An output terminal of the processor 20 is connected to a lamp
29.
[0011] An input terminal of the second voltage converting circuit
23 receives the +19V voltage. The second voltage converting circuit
23 converts the +19V voltage to a +12V voltage. An output terminal
of the second voltage converting circuit 23 is connected to an
input terminal of the first voltage converting circuit 22. The
first voltage converting circuit 22 converts the +12V voltage to a
+5V voltage and the +3.3V voltage for supplying power to electronic
elements 30 and 32. In addition, the output terminal of the second
voltage converting circuit 23 is also connected to an electronic
element 33 for supplying the +12V voltage to the electronic element
33.
[0012] When the motherboard 2 is in a standby state, the first
voltage converting circuit 22 and the second voltage converting
circuit 23 are idle. The voltage adjusting chip 10 is operational
to convert the +19V voltage to the +3.3V voltage for supplying
power to the processor 20. The processor 20 monitors whether a
control on the keyboard 25 or a remote controller 27 corresponding
to the infrared ray receiving unit 26 is activated.

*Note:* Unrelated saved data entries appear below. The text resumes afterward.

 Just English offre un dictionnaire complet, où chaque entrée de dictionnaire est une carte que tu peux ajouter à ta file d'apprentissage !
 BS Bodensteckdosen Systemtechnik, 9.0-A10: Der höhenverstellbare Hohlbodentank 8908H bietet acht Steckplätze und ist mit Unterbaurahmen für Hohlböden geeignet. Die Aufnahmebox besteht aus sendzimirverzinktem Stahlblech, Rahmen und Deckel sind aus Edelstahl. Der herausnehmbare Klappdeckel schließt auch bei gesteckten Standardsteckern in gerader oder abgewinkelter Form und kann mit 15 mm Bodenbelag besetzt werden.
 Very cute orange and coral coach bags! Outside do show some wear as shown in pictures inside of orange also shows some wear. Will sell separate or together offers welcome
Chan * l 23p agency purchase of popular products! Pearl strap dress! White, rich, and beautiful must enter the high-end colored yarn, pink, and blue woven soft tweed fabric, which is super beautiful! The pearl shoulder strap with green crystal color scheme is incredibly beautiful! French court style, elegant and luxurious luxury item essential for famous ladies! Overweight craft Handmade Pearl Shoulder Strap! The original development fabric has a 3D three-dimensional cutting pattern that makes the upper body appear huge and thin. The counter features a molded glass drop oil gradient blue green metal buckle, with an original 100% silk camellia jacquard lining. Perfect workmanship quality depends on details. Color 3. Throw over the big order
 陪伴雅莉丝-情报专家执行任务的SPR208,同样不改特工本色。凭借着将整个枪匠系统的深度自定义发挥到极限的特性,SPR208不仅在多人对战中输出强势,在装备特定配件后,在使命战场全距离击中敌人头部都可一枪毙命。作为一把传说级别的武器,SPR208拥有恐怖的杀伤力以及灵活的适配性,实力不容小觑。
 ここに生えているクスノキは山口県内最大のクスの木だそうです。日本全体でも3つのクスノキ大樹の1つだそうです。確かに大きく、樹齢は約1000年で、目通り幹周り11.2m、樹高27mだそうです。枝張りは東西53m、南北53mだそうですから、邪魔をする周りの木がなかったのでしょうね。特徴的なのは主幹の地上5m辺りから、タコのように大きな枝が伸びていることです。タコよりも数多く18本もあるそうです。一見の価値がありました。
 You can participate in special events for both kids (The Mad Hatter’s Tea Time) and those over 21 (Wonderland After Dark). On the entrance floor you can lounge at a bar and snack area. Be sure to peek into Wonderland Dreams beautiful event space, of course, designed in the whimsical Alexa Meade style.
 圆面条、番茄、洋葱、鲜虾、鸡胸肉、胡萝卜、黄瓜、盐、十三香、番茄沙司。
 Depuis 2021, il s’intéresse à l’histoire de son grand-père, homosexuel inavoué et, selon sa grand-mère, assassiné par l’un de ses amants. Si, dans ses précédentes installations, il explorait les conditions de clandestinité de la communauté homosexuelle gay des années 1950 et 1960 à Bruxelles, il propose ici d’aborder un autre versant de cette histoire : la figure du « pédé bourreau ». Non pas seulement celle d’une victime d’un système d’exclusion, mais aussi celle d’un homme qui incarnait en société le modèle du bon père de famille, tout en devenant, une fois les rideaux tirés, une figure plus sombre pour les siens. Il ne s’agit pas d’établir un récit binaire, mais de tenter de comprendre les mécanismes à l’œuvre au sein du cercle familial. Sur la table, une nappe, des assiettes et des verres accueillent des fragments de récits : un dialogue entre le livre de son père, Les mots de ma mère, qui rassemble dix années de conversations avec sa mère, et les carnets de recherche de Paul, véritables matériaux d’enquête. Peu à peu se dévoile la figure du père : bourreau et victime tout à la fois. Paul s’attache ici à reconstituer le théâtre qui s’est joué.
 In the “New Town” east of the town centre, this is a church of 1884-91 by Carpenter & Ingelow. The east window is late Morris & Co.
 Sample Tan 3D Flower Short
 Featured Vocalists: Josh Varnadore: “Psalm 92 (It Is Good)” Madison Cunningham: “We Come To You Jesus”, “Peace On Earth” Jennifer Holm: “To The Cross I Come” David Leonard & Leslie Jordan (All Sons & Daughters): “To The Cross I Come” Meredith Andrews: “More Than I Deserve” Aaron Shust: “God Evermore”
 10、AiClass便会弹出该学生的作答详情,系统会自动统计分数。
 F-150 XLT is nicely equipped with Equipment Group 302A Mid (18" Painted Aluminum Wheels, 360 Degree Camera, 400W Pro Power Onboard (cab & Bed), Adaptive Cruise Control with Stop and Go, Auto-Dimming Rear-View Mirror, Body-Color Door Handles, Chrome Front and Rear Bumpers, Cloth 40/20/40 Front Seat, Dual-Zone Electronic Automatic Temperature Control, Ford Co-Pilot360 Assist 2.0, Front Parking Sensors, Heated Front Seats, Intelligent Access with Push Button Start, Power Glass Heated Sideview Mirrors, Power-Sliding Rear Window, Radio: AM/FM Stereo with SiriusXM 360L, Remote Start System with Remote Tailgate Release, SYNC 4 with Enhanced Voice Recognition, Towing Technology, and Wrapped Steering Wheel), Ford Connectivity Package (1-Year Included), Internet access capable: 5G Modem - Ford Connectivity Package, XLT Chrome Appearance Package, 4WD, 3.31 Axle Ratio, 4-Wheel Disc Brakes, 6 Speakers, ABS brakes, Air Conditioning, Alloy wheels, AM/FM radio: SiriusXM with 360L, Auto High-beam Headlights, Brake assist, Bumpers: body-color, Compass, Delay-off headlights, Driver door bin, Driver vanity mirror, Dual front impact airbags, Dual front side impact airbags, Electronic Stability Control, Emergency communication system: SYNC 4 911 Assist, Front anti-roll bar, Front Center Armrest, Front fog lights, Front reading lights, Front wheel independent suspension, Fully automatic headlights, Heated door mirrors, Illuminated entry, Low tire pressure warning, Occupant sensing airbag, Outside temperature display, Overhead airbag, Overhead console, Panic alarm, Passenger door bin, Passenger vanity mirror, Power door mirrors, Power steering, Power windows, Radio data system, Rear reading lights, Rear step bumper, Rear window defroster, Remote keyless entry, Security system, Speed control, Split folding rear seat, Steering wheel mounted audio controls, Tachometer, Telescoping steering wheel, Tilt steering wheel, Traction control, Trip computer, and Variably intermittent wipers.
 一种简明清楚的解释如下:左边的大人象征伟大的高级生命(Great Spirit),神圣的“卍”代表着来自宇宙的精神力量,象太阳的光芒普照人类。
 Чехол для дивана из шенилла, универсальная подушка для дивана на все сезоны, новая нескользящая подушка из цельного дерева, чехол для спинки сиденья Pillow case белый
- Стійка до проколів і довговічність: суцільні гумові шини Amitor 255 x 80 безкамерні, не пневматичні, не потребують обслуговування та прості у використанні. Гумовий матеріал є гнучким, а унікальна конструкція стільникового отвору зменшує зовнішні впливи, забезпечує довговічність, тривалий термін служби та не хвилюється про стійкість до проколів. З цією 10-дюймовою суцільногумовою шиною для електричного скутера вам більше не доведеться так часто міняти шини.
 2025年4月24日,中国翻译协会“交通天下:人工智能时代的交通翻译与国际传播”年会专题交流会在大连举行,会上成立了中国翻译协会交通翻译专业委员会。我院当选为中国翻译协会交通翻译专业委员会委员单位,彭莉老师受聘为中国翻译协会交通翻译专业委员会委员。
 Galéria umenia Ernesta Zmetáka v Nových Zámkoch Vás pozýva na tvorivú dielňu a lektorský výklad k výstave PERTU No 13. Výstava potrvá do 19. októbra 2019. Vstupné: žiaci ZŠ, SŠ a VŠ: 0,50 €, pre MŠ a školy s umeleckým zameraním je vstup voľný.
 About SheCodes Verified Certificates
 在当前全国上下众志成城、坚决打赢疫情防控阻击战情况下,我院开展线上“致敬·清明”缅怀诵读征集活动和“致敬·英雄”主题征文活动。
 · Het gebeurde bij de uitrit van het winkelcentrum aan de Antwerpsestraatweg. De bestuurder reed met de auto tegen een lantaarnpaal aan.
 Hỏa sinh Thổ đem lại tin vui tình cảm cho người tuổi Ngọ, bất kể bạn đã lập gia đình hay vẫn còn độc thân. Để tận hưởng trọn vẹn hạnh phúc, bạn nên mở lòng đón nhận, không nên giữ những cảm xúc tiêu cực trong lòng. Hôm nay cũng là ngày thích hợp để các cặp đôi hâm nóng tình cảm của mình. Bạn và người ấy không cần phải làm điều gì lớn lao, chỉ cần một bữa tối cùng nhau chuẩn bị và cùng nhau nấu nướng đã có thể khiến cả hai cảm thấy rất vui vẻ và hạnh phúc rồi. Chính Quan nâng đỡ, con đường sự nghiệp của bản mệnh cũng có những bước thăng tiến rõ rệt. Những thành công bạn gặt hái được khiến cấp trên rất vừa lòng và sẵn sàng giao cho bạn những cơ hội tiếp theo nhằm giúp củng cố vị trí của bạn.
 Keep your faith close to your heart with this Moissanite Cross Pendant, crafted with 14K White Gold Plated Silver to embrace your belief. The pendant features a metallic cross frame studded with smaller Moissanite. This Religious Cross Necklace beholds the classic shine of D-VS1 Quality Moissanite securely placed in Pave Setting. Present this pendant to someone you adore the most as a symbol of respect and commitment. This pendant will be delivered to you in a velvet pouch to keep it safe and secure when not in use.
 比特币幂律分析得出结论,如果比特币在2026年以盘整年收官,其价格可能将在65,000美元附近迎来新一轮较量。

[0013] When a preset control is activated, the processor 20 outputs
a control signal to initialize the first voltage converting circuit
22 and the second voltage converting circuit 23. The second voltage
converting circuit 23 converts the +19V voltage to the +12V voltage
and outputs the +12V voltage to the electronic element 33 and the
first voltage converting circuit 22. The first voltage converting
circuit 22 converts the +12V voltage to the +5V voltage and the
+3.3V voltage for supplying power to the electronic elements 32 and
30, and the control circuit 12, powering up the motherboard 2.
[0014] The control circuit 12 deactivates the voltage adjusting
chip 10 when the control circuit 12 receives the +3.3V voltage,
whereby the voltage adjusting chip 10 remains idle when the
motherboard 2 is operational. The diode D is turned on to make the
first voltage converting circuit 22 outputs the +3.3V voltage to
the processor 20. Moreover, the processor 20 lights lamp 29 to
indicate that the motherboard 2 is operational. In the embodiment,
the diode D is turned off when the first voltage converting circuit
22 is idle, thereby protecting the electronic element 30 when the
motherboard 20 is in standby state.
[0015] FIG. 2 shows a voltage adjusting method for the motherboard
2, which includes the following steps.
[0016] In step S1, the voltage adjusting chip 10 receives the +19V
voltage from the motherboard 2.
[0017] In step S2, the voltage adjusting chip 10 converts the +19V
voltage to the +3.3V voltage for supplying power to the processor
20.
[0018] In step S3, the processor 20 determines whether a control on
the keyboard 25 or on a remote controller 27 corresponding to the
infrared ray receiving unit 26 is activated. If the button on the
keyboard 25 or the button on the remote controller 27 corresponding
to the infrared ray receiving unit 26 is activated, the process
flows to step S4. If no control is activated, step S3 is
repeated.
[0019] In step S4, the second voltage converting circuit 23
converts the +19V voltage to the +12V voltage, and supplies the
+12V voltage to the electronic element 33 and the first voltage
converting circuit 22.
[0020] In step S5, the first voltage converting circuit 22 converts
the +12V voltage to the +3.3V voltage and the +5V voltage. The
+3.3V voltage is supplied to the electronic element 30 and the
control circuit 12. The +5V voltage is supplied to the electronic
element 32.
[0021] In step S6, the control circuit 12 deactivates the voltage
adjusting chip 10. At this time, the first voltage converting
circuit 22 outputs the +3.3V voltage for supplying power to the
processor 20.
[0022] In step S7, the processor 20 activates the lamp 29.
[0023] In the voltage adjusting circuit 1, the first voltage
converting circuit 22 supplies power to the processor 20 after the
motherboard 2 is at work. Meanwhile, the voltage adjusting chip 10
is idle after the motherboard 2 is at work. As a result, the
voltage adjusting circuit 1 avoids the voltage adjusting chip 10
being at work for long time.
[0024] The foregoing description of the embodiments of the
disclosure has been presented only for the purposes of illustration
and description and is not intended to be exhaustive or to limit
the disclosure to the precise forms disclosed. Many modifications
and variations are possible in light of the above everything. The
embodiments were chosen and described in order to explain the
principles of the disclosure and their practical application so as
to enable others of ordinary skill in the art to utilize the
disclosure and various embodiments and with various modifications
as are suited to the particular use contemplated. Alternative
embodiments will become apparent to those of ordinary skills in the
art to which the present disclosure pertains without departing from
its spirit and scope. Accordingly, the scope of the present
disclosure is defined by the appended claims rather than the
foregoing description and the exemplary embodiments described
therein.
* * * * *